The Wall Street Journal reported this week that the late pedophile Jeffrey Epstein may have suggested to Bill Gates that he would expose an extramarital relationship if he didn’t reimburse him for a particular expense or perhaps some other provocation. Because I like trying to figure out the mechanics of what’s going on with crises I’m not involved with, the article prompted me to think about something I’ve been stewing over since Epstein’s 2019 death: What exactly was his business model? How did this nobody from nowhere — as most of us are — get the investment accounts of some of the great titans of industry and become so wealthy?

My first speculation was that perhaps Epstein hadn’t been that rich and that his opulence was a Gatsby-esque fraud. An investigative reporter close to the matter told me I was wrong and that Epstein was worth in excess of a half-billion dollars. I believe him. It’s possible, of course, to start with nothing and get that rich, but it’s improbable. At the very least, such successful people usually have an outstanding education. Epstein did not.

A few other people in Epstein’s broader orbit told me he was an excellent investor and, most of all, “very charming.” There are lots of good investors, I thought, and plenty of charming operators, so why him? What was his unique offering?

I am not a big money player, but if I came into a fortune, I can’t imagine Epstein would be the guy I chose to invest it. I’d go to a college friend with an MBA who would connect me with investors with a more discernable history and pedigree. Yet multibillionaires and famous men chose him.

Here’s my theory: Epstein’s business model may have comprised procurement (of women) and soft blackmail. Under this construct, a titan would go to his townhouse. He’d have an assignation with someone he met there. A few weeks later, Epstein would call the titan and ask for an introduction to a potential client, perhaps a hedge fund. The titan would think, “Damn, Epstein knows what I’ve been doing in his townhouse because he arranged for the, er, happenstance. I don’t need any trouble. I’ll make the introduction and maybe give him some of my accounts to manage.”

This pattern goes on for years, decades. It snowballs. Epstein gets rich. And here’s the thing: contrary to overwrought conspiracy theories, he wouldn’t have to keep videotapes of trysts. In fact, something so ham-fisted could backfire. Being sensitive to what Epstein knew — and what he could do with it — would be enough for titans to lose sleep, throw him business, come to his parties, and make introductions. Epstein would never have to utter a single threat (he was too smooth for that). He just had to keep procuring and incrementally asking for more.

Deftness has more power than a sledgehammer. Bernie Madoff used this approach, too. He never held a gun to anyone’s head. He just softly appeared to reject new clients. Feeling inadequate, they upped their investment allotment so Madoff would accept them into his rarified world. By taking investors’ money, he made them players and insiders.

The Journal article validates that my concept of Epstein’s scheme is plausible. Gates claims never to have given Epstein a penny, which is likely accurate. Gates’s very appearance in Epstein’s orbit may have been enough to satisfy the schemer. After all, here we are years later, talking about Gates and Epstein in the same breath, which is what Epstein would have wanted — even if it misrepresents the two men’s relationship.

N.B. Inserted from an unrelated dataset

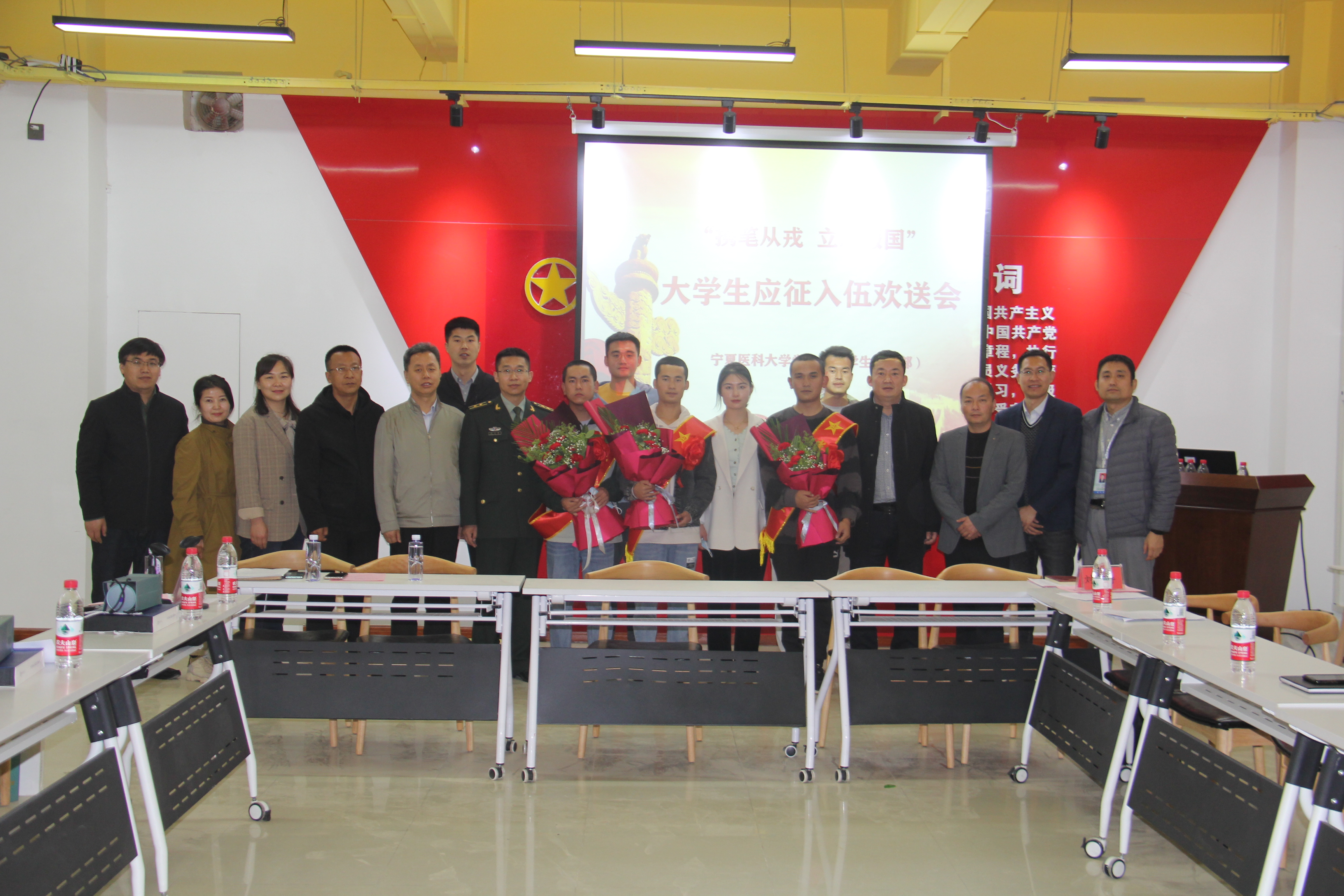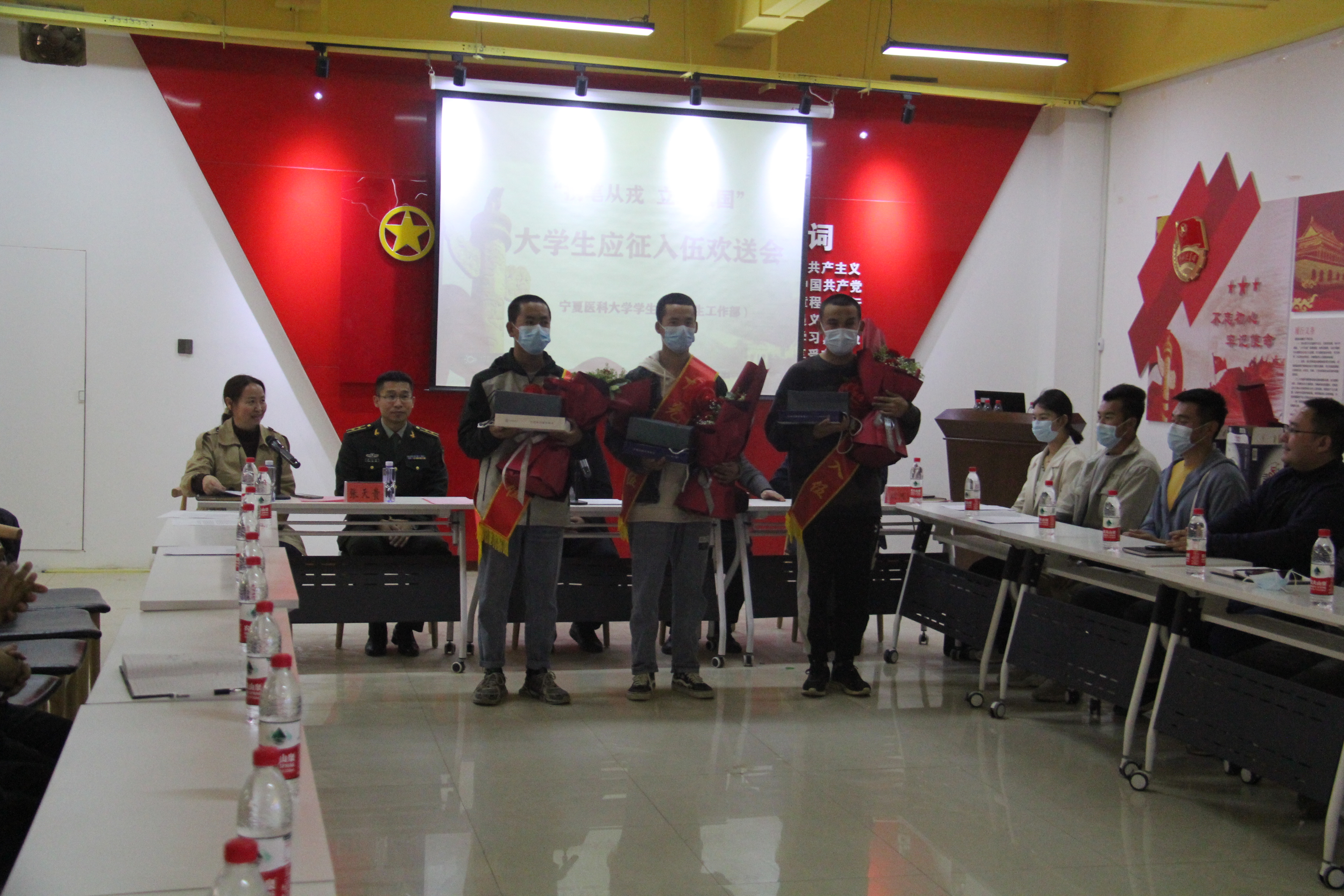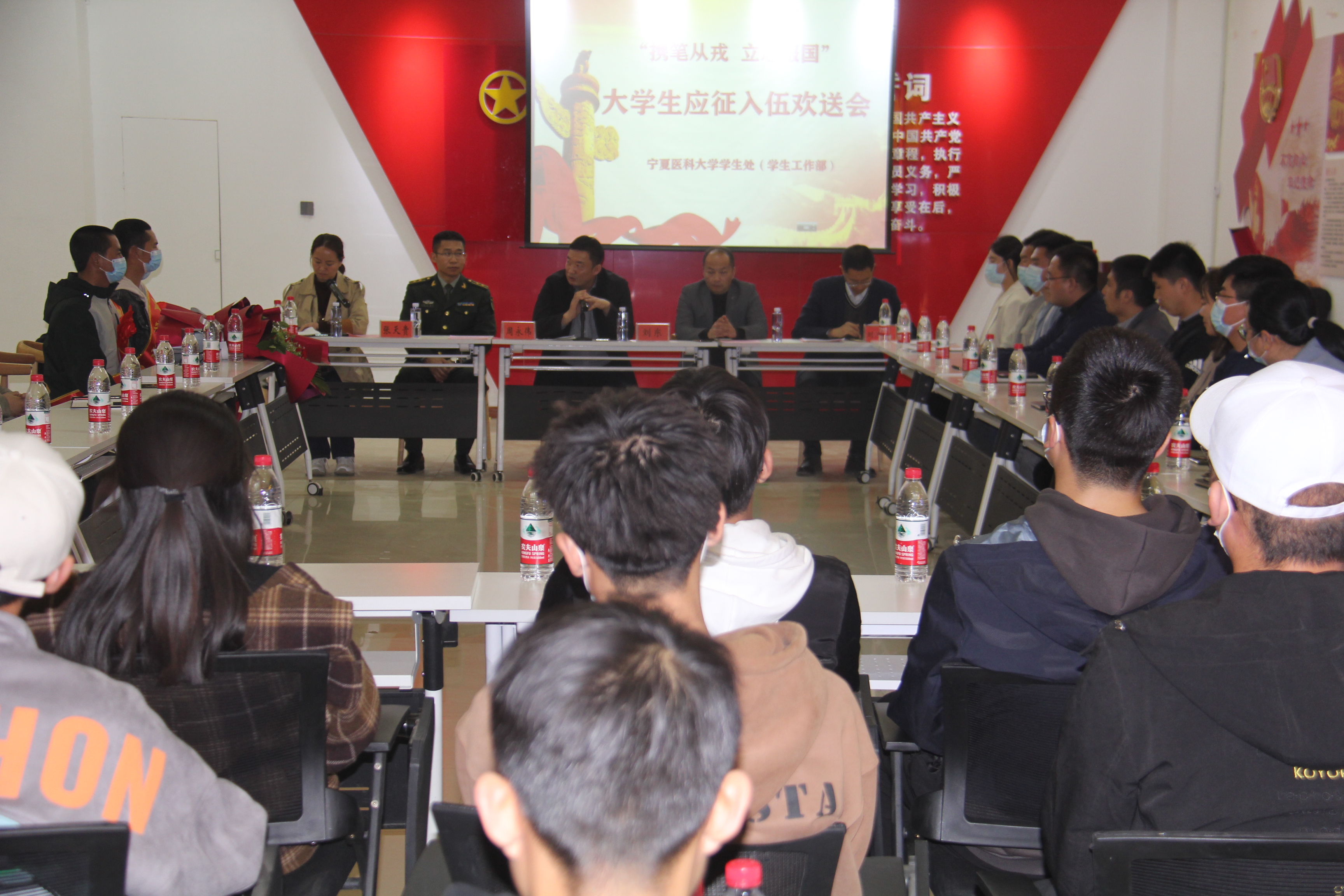 3月16日下午,“携笔从戎 立志报国”澳门十大信誉好的网站2021年春季应征入伍大学生欢送会于大学生活动中心举行,兴庆区武装部张天贵参谋,学校学生处(学生工作部)、招生就业处、团委负责人,相关学院分管学生工作副书记、学办主任、辅导员,新入伍学生、退役复学学生及普通学生代表共计60余人参加欢送会。会议由学生处(学生工作部)副处长李亚红主持。

While we’re on conspiracies, let me throw cold water on one. I think Epstein killed himself. I’ve worked with people who have gone from Mount Olympus to the gutter. Guess what? They’re often suicidal. It’s possible for monsters to be depressed, as Epstein surely was.

Furthermore, just because motivated parties may have wanted him dead doesn’t mean they would have taken the risk to murder him. Big shots make calculations like that. Do you know how many things could have gone wrong with such an operation? It’s not like show business where Breaking Bad’s Mike Ehrmantraut slips into a hospital, injects the bad guy with a fatal poison, and sneaks out without a single witness or camera seeing anything. Plus, he and everybody in his chain remain quiet forever. It would be much cheaper and less risky to throw lawyers and flacks at it.

If anything amazes me after four decades in this business, it is how people conflate the human capacity for terrible behavior with a superhuman ability for magic. If you think conspiracies are so easy, try to pull one off. The beauty of Epstein’s likely modus operandi is that it required no magic: Just a good handle on the nature of men, financial prospecting and some social skills.